Enhancing winter mobility of pervious concrete sidewalks, parking lots, and shared-use pathways via incorporation of engineered biochar

PI: Jialuo He (WSU), jialuo.he@wsu.edu, ORCID:

Co PIs: none

AMOUNT & MATCH: $40,000 federal from PacTrans; $40,000 federal Match

PERFORMANCE PERIOD: 8/16/2023 – 8/15/2025

STATUS: Active

CATEGORIES: Concrete, Sustainability, Safety

UTC PROJECT DOCUMENTATION:

FINAL PROJECT REPORT: will be available once completed

PROJECT DATA: will be available once completed

DESCRIPTION: Pervious concrete pavement is an effective solution for runoff control and stormwater management and is increasingly used for constructing transportation infrastructure (i.e., arterial roads, parking lots, sidewalks, etc.) throughout the state of Washington. In previous PacTrans projects, the evaluation of surface frictional properties showed that pervious concrete had a higher British Pendulum Number than conventional Portland cement concrete under various conditions (i.e., wet, dry, and iced) and a protocol consisting of an image-based porosity characterization method and the Gibbs-Thompson equation was developed for identifying the time of ice formation in pervious concrete to apply timely winter maintenance.

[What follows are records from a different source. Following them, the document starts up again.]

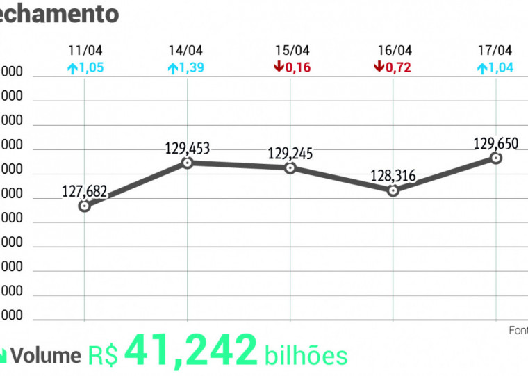 R$ 22,3 bilhões ficou na média diária de negócios. Nesta quinta-feira, o Ibovespa fechou em alta de 1,04%, aos 129.650,03 pontos.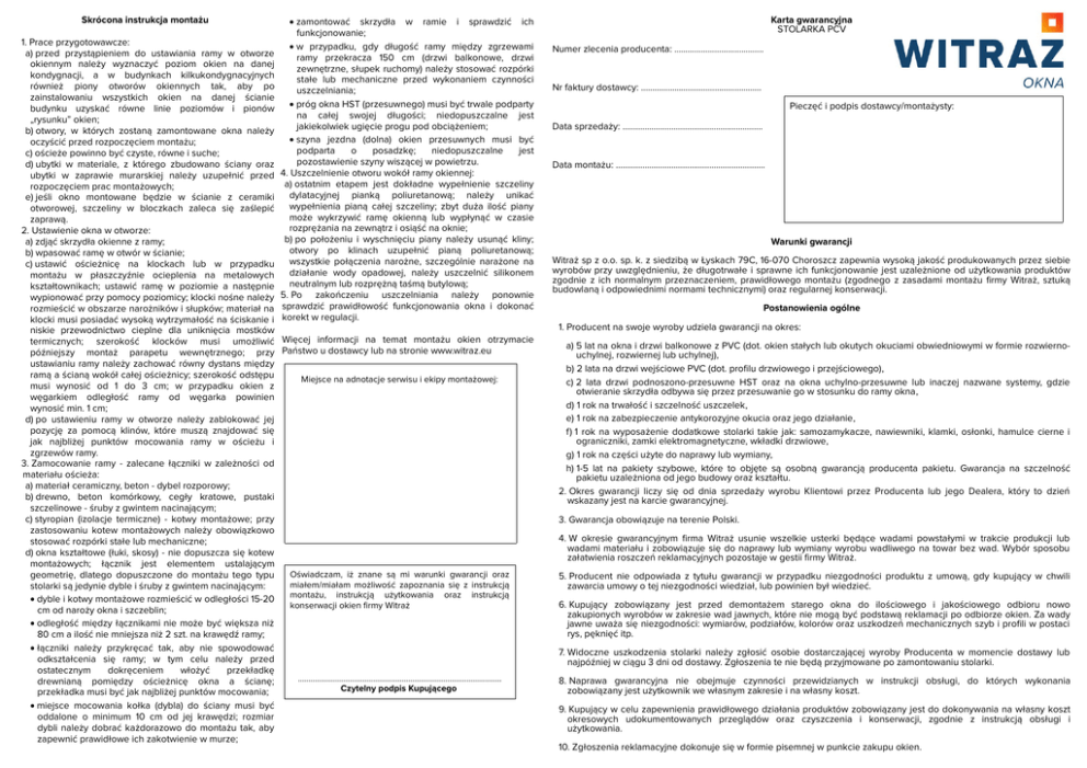 Skrócona instrukcja montażu zamontować skrzydła w ramie i sprawdzić ich funkcjonowanie; w przypadku, gdy długość ramy między zgrzewami ramy przekracza 150 cm (drzwi balkonowe, drzwi zewnętrzne, słupek ruchomy) należy stosować rozpórki stałe lub mechaniczne przed wykonaniem czynności uszczelniania; próg okna HST (przesuwnego) musi być trwale podparty na całej swojej długości; niedopuszczalne jest jakiekolwiek ugięcie progu pod obciążeniem; szyna jezdna (dolna) okien przesuwnych musi być podparta o posadzkę; niedopuszczalne jest pozostawienie szyny wiszącej w powietrzu. 4. Uszczelnienie otworu wokół ramy okiennej: a) ostatnim etapem jest dokładne wypełnienie szczeliny dylatacyjnej pianką poliuretanową; należy unikać wypełnienia pianą całej szczeliny; zbyt duża ilość piany może wykrzywić ramę okienną lub wypłynąć w czasie rozprężania na zewnątrz i osiąść na oknie; b) po położeniu i wyschnięciu piany należy usunąć kliny; otwory po klinach uzupełnić pianą poliuretanową; wszystkie połączenia narożne, szczególnie narażone na działanie wody opadowej, należy uszczelnić silikonem neutralnym lub rozprężną taśmą butylową; 5. Po zakończeniu uszczelniania należy ponownie sprawdzić prawidłowość funkcjonowania okna i dokonać korekt w regulacji. 1. Prace przygotowawcze: a) przed przystąpieniem do ustawiania ramy w otworze okiennym należy wyznaczyć poziom okien na danej kondygnacji, a w budynkach kilkukondygnacyjnych również piony otworów okiennych tak, aby po zainstalowaniu wszystkich okien na danej ścianie budynku uzyskać równe linie poziomów i pionów „rysunku” okien; b) otwory, w których zostaną zamontowane okna należy oczyścić przed rozpoczęciem montażu; c) ościeże powinno być czyste, równe i suche; d) ubytki w materiale, z którego zbudowano ściany oraz ubytki w zaprawie murarskiej należy uzupełnić przed rozpoczęciem prac montażowych; e) jeśli okno montowane będzie w ścianie z ceramiki otworowej, szczeliny w bloczkach zaleca się zaślepić zaprawą. 2. Ustawienie okna w otworze: a) zdjąć skrzydła okienne z ramy; b) wpasować ramę w otwór w ścianie; c) ustawić ościeżnicę na klockach lub w przypadku montażu w płaszczyźnie ocieplenia na metalowych kształtownikach; ustawić ramę w poziomie a następnie wypionować przy pomocy poziomicy; klocki nośne należy rozmieścić w obszarze narożników i słupków; materiał na klocki musi posiadać wysoką wytrzymałość na ściskanie i niskie przewodnictwo cieplne dla uniknięcia mostków termicznych; szerokość klocków musi umożliwić Więcej informacji na temat montażu okien otrzymacie późniejszy montaż parapetu wewnętrznego; przy Państwo u dostawcy lub na stronie www.witraz.eu ustawianiu ramy należy zachować równy dystans między ramą a ścianą wokół całej ościeżnicy; szerokość odstępu Miejsce na adnotacje serwisu i ekipy montażowej: musi wynosić od 1 do 3 cm; w przypadku okien z węgarkiem odległość ramy od węgarka powinien wynosić min. 1 cm; d) po ustawieniu ramy w otworze należy zablokować jej pozycję za pomocą klinów, które muszą znajdować się jak najbliżej punktów mocowania ramy w ościeżu i zgrzewów ramy. 3. Zamocowanie ramy - zalecane łączniki w zależności od materiału ościeża: a) materiał ceramiczny, beton - dybel rozporowy; b) drewno, beton komórkowy, cegły kratowe, pustaki szczelinowe - śruby z gwintem nacinającym; c) styropian (izolacje termiczne) - kotwy montażowe; przy zastosowaniu kotew montażowych należy obowiązkowo stosować rozpórki stałe lub mechaniczne; d) okna kształtowe (łuki, skosy) - nie dopuszcza się kotew montażowych; łącznik jest elementem ustalającym Oświadczam, iż znane są mi warunki gwarancji oraz geometrię, dlatego dopuszczone do montażu tego typu miałem/miałam możliwość zapoznania się z instrukcją stolarki są jedynie dyble i śruby z gwintem nacinającym: montażu, instrukcją użytkowania oraz instrukcją dyble i kotwy montażowe rozmieścić w odległości 15-20 konserwacji okien firmy Witraż cm od naroży okna i szczeblin; odległość między łącznikami nie może być większa niż 80 cm a ilość nie mniejsza niż 2 szt. na krawędź ramy; łączniki należy przykręcać tak, aby nie spowodować odkształcenia się ramy; w tym celu należy przed ostatecznym dokręceniem włożyć przekładkę …………………………………………………………………………………….. drewnianą pomiędzy ościeżnicę okna a ścianę; Czytelny podpis Kupującego przekładka musi być jak najbliżej punktów mocowania; miejsce mocowania kołka (dybla) do ściany musi być oddalone o minimum 10 cm od jej krawędzi; rozmiar dybli należy dobrać każdorazowo do montażu tak, aby zapewnić prawidłowe ich zakotwienie w murze; Karta gwarancyjna STOLARKA PCV Numer zlecenia producenta: …..................................... Nr faktury dostawcy: ……………………………………………… Pieczęć i podpis dostawcy/montażysty: Data sprzedaży: ……………………………………………………… Data montażu: …………………………………………….…………… Warunki gwarancji Witraż sp z o.o. sp. k. z siedzibą w Łyskach 79C, 16-070 Choroszcz zapewnia wysoką jakość produkowanych przez siebie wyrobów przy uwzględnieniu, że długotrwałe i sprawne ich funkcjonowanie jest uzależnione od użytkowania produktów zgodnie z ich normalnym przeznaczeniem, prawidłowego montażu (zgodnego z zasadami montażu firmy Witraż, sztuką budowlaną i odpowiednimi normami technicznymi) oraz regularnej konserwacji. Postanowienia ogólne 1. Producent na swoje wyroby udziela gwarancji na okres: a) 5 lat na okna i drzwi balkonowe z PVC (dot. okien stałych lub okutych okuciami obwiedniowymi w formie rozwiernouchylnej, rozwiernej lub uchylnej), b) 2 lata na drzwi wejściowe PVC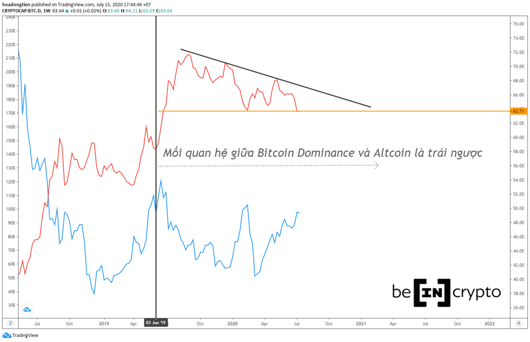 Mối quan hệ giữa Bitcoin Dominance và vốn hóa Altcoin là trái ngược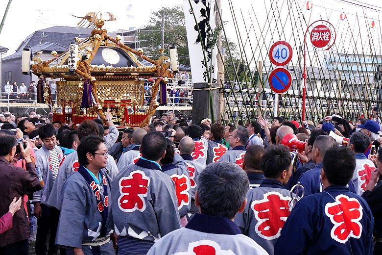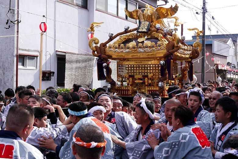 神揃場で「オリャア!」「ソリャア!」担ぎ手は各社で異なる掛け声を発し、他社に負けじと神輿を高く掲げたり、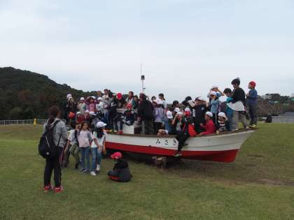 ネイチャービンゴのあとに学年写真を撮りました。みさき丸の上で楽しそうに笑うたくさんの顔。みんないい顔してるぞ!!
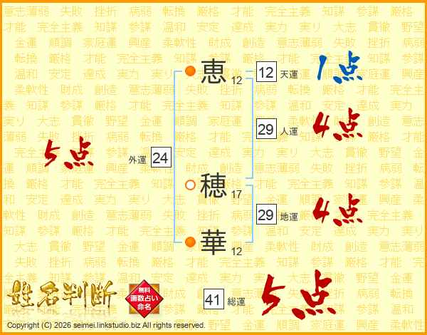 生活面を象徴する運勢です。外部から受ける影響力を表し、結婚運、家庭運や職場、環境への順応性を表します。総運から人運を引いた画数。姓や名が1文字の場合を除く。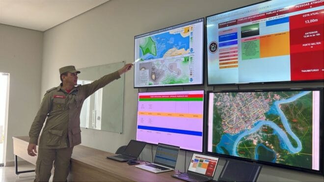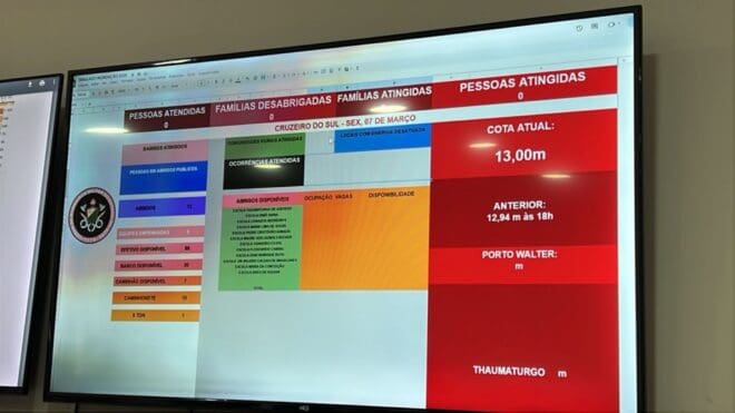 De acordo com o comandante do Corpo de Bombeiros do Juruá, Josadac Cavalcante, a nova estrutura de monitoramento foi montada dentro da corporação, em parceria com a Defesa Civil Municipal. “Criamos esta sala de situação para que as equipes possam acompanhar em tempo real os dados meteorológicos, os registros das réguas dos municípios e a quantidade de precipitação. O cruzamento dessas informações nos permite prever o nível do rio e estimar quantas famílias poderão ser atingidas”, explicou.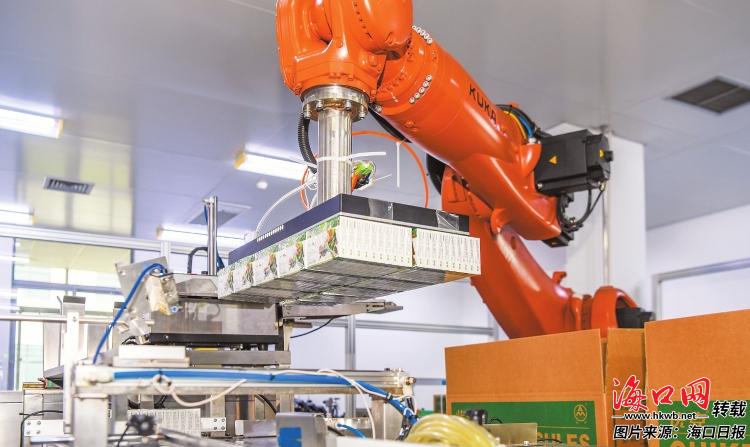 在海南亞洲制藥股份有限公司,智能化機械臂揮動“手臂”搬運產(chǎn)品。記者 康登淋 攝
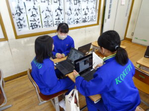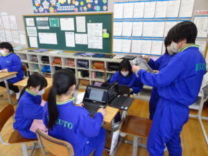 1月20日(火)、5年生が6年生を送る会の準備を進めています。係ごとに分かれて、話合いをしたり、花を作ったりしています。進行のシナリオやプレゼンなどをパソコンを活用して作成しています。これからのリーダーとしての姿が見られてとても頼もしいです。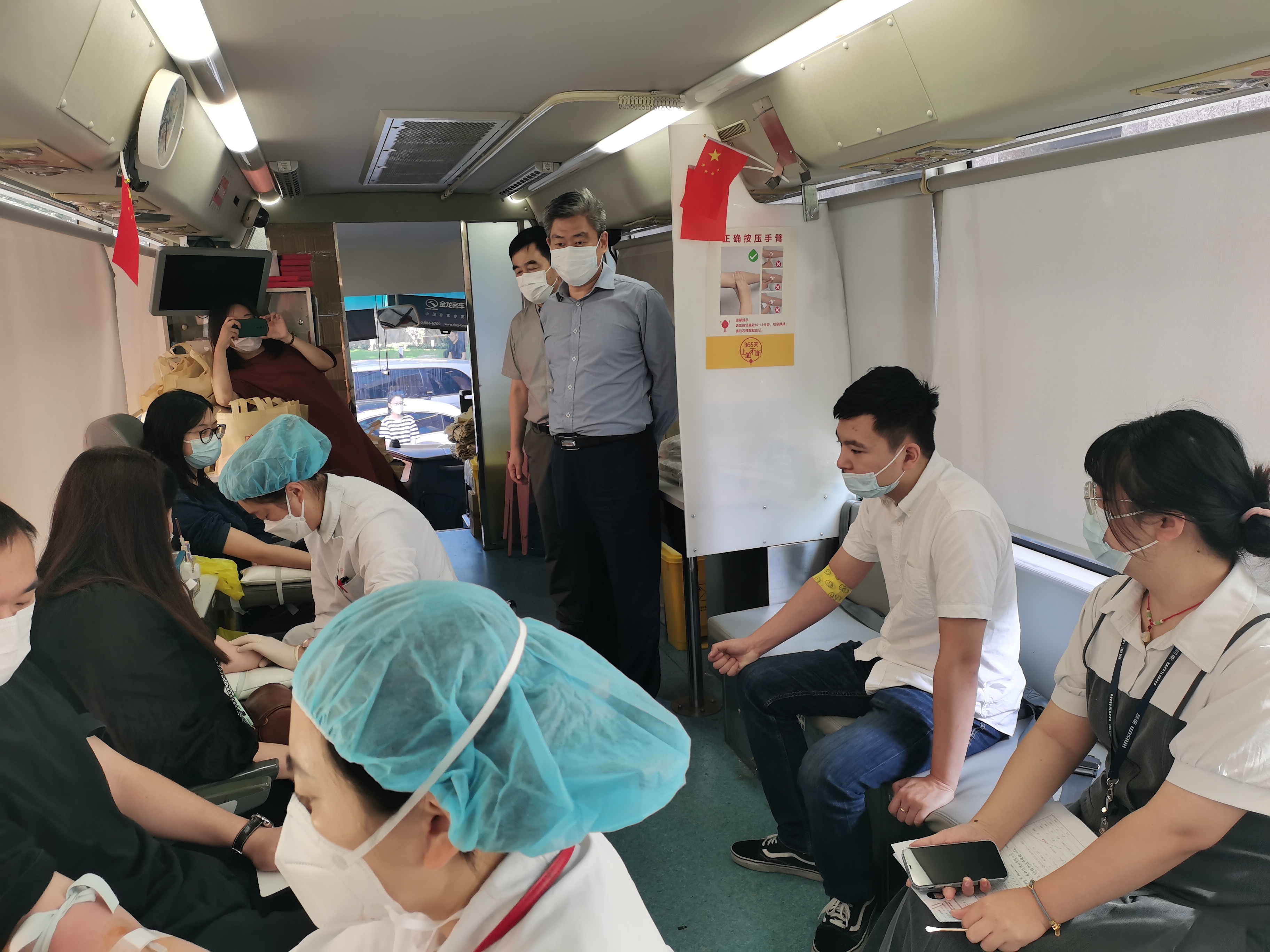 采血期间,公司党委书记、董事长赵国昂和党委副书记、纪委书记李义民也来到采血车上,对献血员工进行慰问,并为献血后的员工递上慰问品,转达公司的关心和关怀。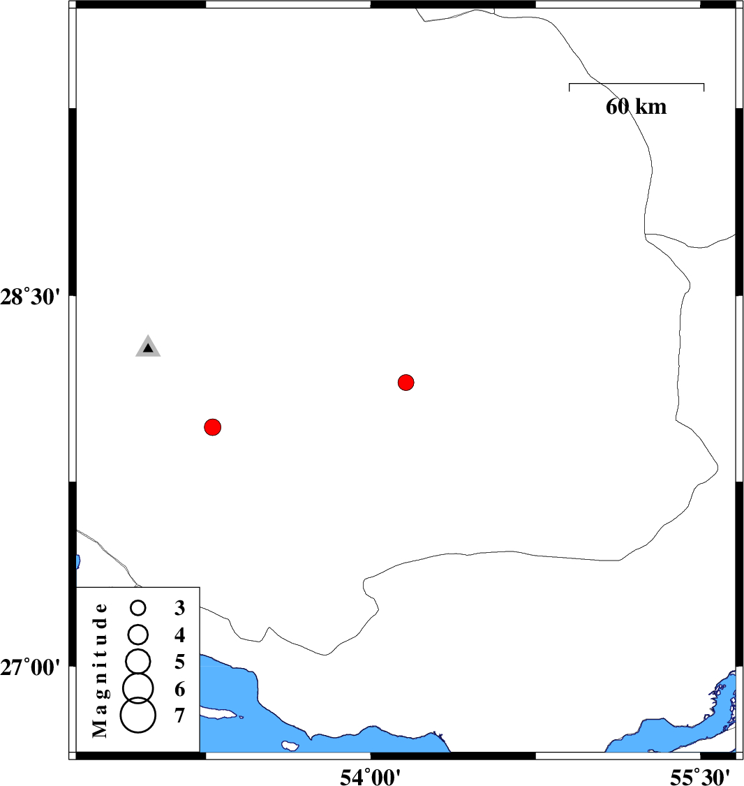 | 2009/08/12 | 07:18:23.1 | 11:48:23.1 | 27.97 | 53.28 | 14 | ML:3.4 | Fars Province, 60 km South-East of Qir va Karzin |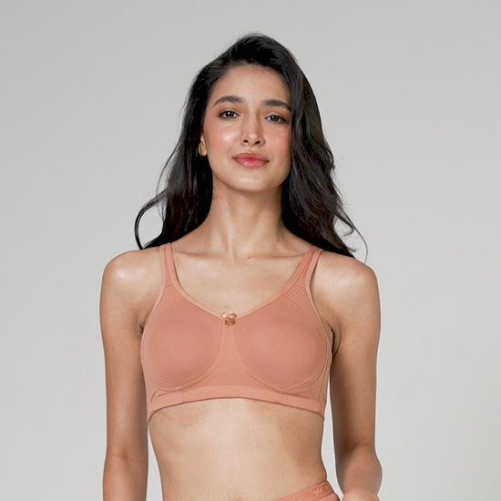 Full Support & Comfort: Side smoothening wings, wire-free design, and fabric straps for a no-dig experience.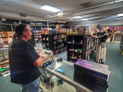 “I started the company because I wanted a place where people could not only buy games but come and play,” he explained. “I was raised on board games and card games and miniatures games, and I wanted to welcome that community of people to a clean, well-lit, organized place where they could socialize.”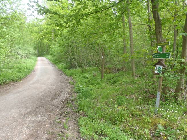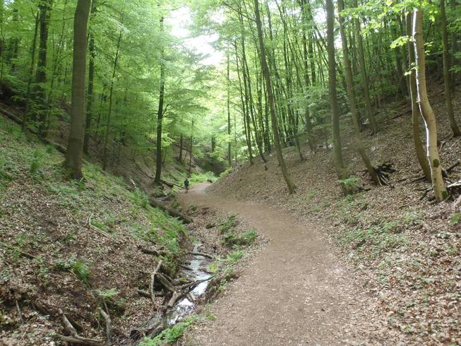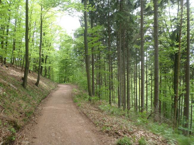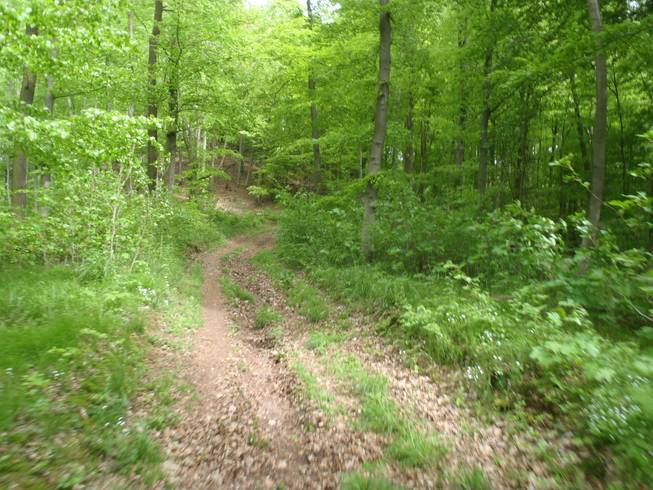 Wilde Sau Radweg rechts flach und breit, Wanderweg links rauf und schmaler werdend. |

Since pervious concrete has the same constituents as conventional concrete does, the usage of cement in pervious concrete still has a massive carbon footprint. To make pervious concrete environmentally friendly and sustainable, fly ash, a type of supplementary cementitious material (SCMs), was selected to replace the Portland cement partially or fully in pervious concrete. However, there is a huge insufficiency between the limited availability of SCMs (i.e., 1,300 million tons/year) and the required quantity of cement (i.e., 4,600 million tons/year) for the whole world. Therefore, it is urgent to find a new type of SCMs with sustainable sources for the concrete industry. Biochar is a charcoal-like material derived from various biomass and wastes via thermal conversion under oxygen-limited conditions with zero GHG emissions. Previous studies found three advantages of BC in enhancing the quality of concrete [7–14]: 1) improving the formation of Calcium-Silicate-Hydrate (C-S-H) gel and polymerization degree of C-S-H gel by internal curing; 2) providing higher surface area for nucleation and growth of hydration products, with the potential for increased rate of strength gain; and 3) some BC containing high level of amorphous Si for enhancing pozzolanic activity and resulting in the improvement of mechanical strength of concrete.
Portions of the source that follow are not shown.